Cruson Syndrome is a rare genetic disease.
general characteristics
The disease is characterized by deformities of the face thatoccur during the period of intrauterine development. Gill arches in a human embryo are transitional formations, from which important organs, including jaws, are subsequently formed. Disturbance of the development of the gill arches leads to a disease that got its name after the name of the French doctor, who first described it, Octave Cruson. It was he who first noted that the disease is of a genetic nature: his patients were a mother and daughter. This is a maxillofacial disorder characterized by a number of symptoms. It's natural that the problem lies in the bones of the skull: for some reason the child may not be forming correctly. For example, Cruson's syndrome may manifest itself in the fusion of a metopic, coronal or sagittal suture, a premature contraction of the coronal suture or all of the sutures.
Symptomatology
Cruson syndrome is marked by pronouncedsymptoms. Small patients are distinguished, above all, by too low set ears. As a rule, this is what determines all the hearing problems that arise in the future.

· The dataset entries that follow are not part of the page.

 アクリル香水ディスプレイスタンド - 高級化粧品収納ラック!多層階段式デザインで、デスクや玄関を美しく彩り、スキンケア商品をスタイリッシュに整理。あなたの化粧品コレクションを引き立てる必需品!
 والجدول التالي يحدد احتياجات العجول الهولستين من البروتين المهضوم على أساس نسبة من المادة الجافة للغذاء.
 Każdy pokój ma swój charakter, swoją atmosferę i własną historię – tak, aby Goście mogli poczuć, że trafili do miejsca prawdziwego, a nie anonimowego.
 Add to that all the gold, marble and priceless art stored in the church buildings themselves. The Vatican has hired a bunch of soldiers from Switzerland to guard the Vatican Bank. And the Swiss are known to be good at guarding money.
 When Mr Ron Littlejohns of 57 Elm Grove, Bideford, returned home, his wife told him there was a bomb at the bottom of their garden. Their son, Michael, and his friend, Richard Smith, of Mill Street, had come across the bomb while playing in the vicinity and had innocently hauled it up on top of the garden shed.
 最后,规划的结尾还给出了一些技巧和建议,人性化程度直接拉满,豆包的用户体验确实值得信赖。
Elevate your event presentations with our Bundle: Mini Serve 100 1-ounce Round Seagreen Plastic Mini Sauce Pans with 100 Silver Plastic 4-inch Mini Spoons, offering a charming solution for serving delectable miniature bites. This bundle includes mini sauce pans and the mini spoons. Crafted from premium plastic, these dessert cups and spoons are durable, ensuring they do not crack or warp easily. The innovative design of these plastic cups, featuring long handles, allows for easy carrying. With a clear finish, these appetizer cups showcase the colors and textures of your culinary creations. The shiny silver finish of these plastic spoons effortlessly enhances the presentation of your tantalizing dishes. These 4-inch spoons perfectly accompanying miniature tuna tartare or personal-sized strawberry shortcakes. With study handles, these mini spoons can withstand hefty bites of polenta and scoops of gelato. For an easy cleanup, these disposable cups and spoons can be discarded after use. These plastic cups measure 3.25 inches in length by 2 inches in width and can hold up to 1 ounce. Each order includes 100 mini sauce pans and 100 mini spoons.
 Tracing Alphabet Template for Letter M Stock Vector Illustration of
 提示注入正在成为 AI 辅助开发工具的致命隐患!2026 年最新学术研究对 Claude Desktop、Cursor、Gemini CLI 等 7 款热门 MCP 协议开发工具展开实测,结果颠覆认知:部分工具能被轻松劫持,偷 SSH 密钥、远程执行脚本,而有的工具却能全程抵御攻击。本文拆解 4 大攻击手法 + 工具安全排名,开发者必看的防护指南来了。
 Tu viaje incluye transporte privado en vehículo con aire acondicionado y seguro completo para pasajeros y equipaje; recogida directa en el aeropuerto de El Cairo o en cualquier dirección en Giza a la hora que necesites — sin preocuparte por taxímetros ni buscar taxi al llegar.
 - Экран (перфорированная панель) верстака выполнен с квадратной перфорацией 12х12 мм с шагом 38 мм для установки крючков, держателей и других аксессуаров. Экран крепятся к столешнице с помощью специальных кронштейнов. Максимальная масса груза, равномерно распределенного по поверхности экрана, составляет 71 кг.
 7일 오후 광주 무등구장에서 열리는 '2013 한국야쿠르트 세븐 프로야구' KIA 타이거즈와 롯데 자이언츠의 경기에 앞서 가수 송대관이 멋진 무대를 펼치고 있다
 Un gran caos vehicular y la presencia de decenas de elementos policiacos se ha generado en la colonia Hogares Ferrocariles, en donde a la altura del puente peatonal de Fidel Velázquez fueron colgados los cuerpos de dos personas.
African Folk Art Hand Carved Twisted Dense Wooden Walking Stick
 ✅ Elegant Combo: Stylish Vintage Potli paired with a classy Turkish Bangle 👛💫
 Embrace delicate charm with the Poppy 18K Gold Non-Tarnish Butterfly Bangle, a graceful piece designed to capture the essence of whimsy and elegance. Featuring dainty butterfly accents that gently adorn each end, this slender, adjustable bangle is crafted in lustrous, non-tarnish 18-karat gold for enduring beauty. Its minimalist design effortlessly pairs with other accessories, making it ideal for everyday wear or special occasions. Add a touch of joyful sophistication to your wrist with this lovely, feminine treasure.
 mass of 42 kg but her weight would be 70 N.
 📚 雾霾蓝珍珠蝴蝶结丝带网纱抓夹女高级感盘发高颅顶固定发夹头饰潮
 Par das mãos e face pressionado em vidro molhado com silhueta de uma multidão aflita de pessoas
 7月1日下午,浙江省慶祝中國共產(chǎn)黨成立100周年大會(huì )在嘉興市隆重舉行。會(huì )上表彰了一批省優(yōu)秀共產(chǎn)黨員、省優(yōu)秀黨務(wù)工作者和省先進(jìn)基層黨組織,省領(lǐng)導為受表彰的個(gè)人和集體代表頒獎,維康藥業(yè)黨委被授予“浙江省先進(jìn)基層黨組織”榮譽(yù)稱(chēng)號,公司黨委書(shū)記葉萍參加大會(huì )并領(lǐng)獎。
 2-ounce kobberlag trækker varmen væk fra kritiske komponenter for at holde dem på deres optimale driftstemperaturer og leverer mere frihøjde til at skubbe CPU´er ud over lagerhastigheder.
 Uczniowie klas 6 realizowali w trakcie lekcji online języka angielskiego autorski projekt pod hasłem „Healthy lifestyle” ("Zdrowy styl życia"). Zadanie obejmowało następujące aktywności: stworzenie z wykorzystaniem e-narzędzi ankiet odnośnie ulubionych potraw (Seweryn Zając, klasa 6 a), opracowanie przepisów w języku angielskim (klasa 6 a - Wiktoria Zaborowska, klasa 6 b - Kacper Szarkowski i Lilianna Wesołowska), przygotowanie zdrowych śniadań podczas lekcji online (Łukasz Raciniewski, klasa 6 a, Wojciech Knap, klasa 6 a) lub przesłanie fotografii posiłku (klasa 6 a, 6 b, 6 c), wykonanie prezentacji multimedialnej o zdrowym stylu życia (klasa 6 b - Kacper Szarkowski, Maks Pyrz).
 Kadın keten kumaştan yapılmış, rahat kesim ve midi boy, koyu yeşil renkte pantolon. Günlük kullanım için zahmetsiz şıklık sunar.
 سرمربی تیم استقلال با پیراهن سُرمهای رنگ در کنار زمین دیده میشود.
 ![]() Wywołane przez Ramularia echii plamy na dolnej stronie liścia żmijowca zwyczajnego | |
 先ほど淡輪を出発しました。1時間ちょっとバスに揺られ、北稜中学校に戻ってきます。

In especially severe cases, the disease is transformed into Meniere's disease. Among the characteristic signs should also be called brachycephaly, that is, a short and wide neck, exophthalmos, that is, bulging eyes (this is explained by too small eye sockets), hypertelorism, that is too large a distance between the eyes, a small nose resembling a beak. Frequent, but not mandatory, symptoms are strabismus and underdeveloped jaws. Insufficient development of jaws leads to the fact that the chin sharply protrudes forward. All these features characterize the Cruson syndrome (photos of patients you see in the article). For so far, unspecified reasons, most patients have disproportionately narrow hips and shoulders.
Diagnostics
As a rule, immediately after the appearance of the baby onlight can be diagnosed with Cruson Syndrome. The causes of the disease are not known. In order to confirm the presence of the disease, several examinations will be required: X-rays, magnetic resonance imaging, examination of the fundus, genetic testing and scanning of the cerebral cortex.
Frequency
It should be noted that this disease occursvery rarely: according to statistical studies, 25,000 healthy people have one patient, and with a high degree of probability, he already had people in the family who suffer from this disease.
Treatment
In general, the forecast depends on how muchdeformation of the skull affected the state of the brain tissue. In the first year of life, a reconstructive operation can be performed on the skull of the child. As the baby grows, new operations may be needed: on the bones, jaws, soft tissues of the face. In some cases, after surgery, the patient must wear a specially manufactured helmet. The main problem is that the disease is often accompanied by a delay in psychomotor development and convulsive attacks.